Regardless, this level of xenophobia is getting a little tiresome. If you have evidence that this project is run by or sponsored by the Chinese government, then sure, I'd find that a showstopper as well. But a group of people, who just happen to be Chinese, building something shouldn't immediately be grounds for dismissal. China is a very big place, with a truly staggering number of people, and the Chinese government -- contrary to popular belief -- doesn't have its hands in everything its citizens do.
This! He says OneDrive is buggy, but that’s nothing compared to Nextcloud. He’s in for a big disappointment.
Seafile is a much better choice if you’re only looking for FileSync (without the whole App Store thing).
Another new and already better and faster contender: ownCloud OCIS, which is a complete Go rewrite of ownCloud and is already very fast and efficient and works like a charm for file sharing.
One thing that made me shy away from Seafile was the limitations of its Android client. IIRC it could only upload photos, not sync folders. So couldn't use it for notes, voice recordings, downloads, books...
I considered Syncthing as well, but I wanted both the arbitrary file sync and the web-based features. Figured I'd rather deal with Nextcloud's poor performance than cobble together a crappy Nextcloud clone via three separate apps.

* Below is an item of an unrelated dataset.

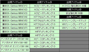 ※画像:Genius MINI ステータス(オプション:ターボスタート、ドリフト後ブースタ+ボーナスブースタ)
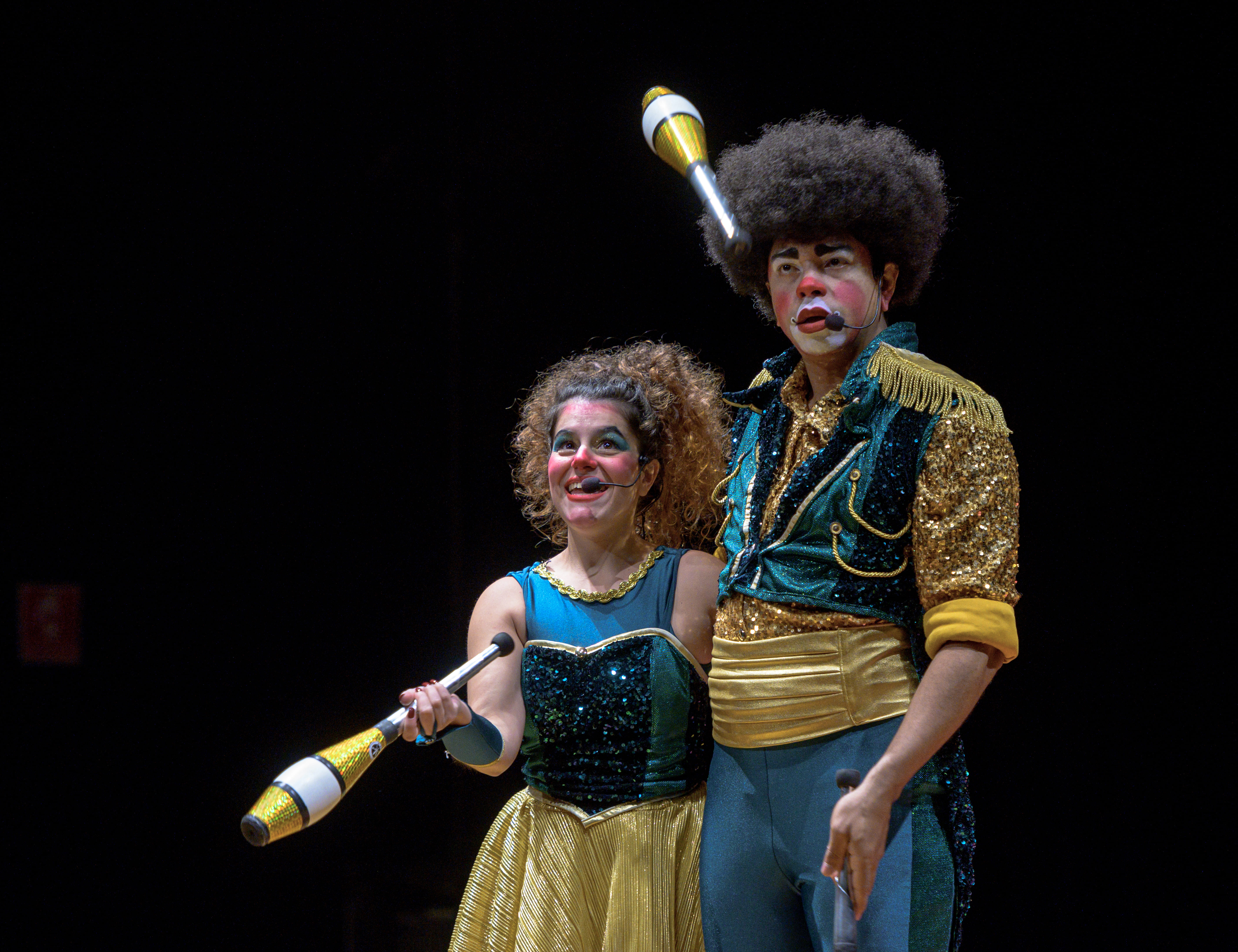 #PraTodosVerem: Sequência de imagens do espetáculo Leve Contrapeso, da Cia Circo Bem Bolado. Em cena, dois artistas de circo com figurinos brilhantes em tons de azul, verde e dourado, maquiagem cênica de palhaçaria e microfones de rosto. Eles realizam números de malabarismo com claves, acrobacias em dupla, equilíbrios e levantamentos corporais. Fim da descrição.

I'm definitely keeping an eye out for OCIS though.
Pretty much exactly the same position. I use NC for file-syncing, WebDAV, and the webinterface for those files only, but it’s not exactly great. But for similar reasons as you, it’s still the solution I’m stuck with for now.
As a sysadmin managing Nextcloud on an on premise VPS, we have none of the problems you mentioned. We have 20+ accounts, tons of shared files, and whatnot.
Just upgraded to Nextcloud 25 (literally 20 minutes ago), and no problems whatsoever.
I deployed it on a virtualized server which is not extremely powerful, and everybody seems to enjoy the productivity boost it brought into the team.
I upgraded to Nexcloud25 and all Gui Customization's are gone...once again. I don't really like the php-nextcloud, using it for well over 4 years there is always something not right. I really hope the go-version is better.
As with javascript a lot of PHP's problems are not inherent to the language but rather to the culture around it. It must be avoided for that reason, but it is hard to state that in full every time. So folks use the shorthand you see.
Surprising that your and the OP's experiences are so different. Based on the description, I think it's safe to assume the OP also has thousands of files, some of them very large.
I wonder if the issue is with Nextcloud itself, or with the particular hosting provider.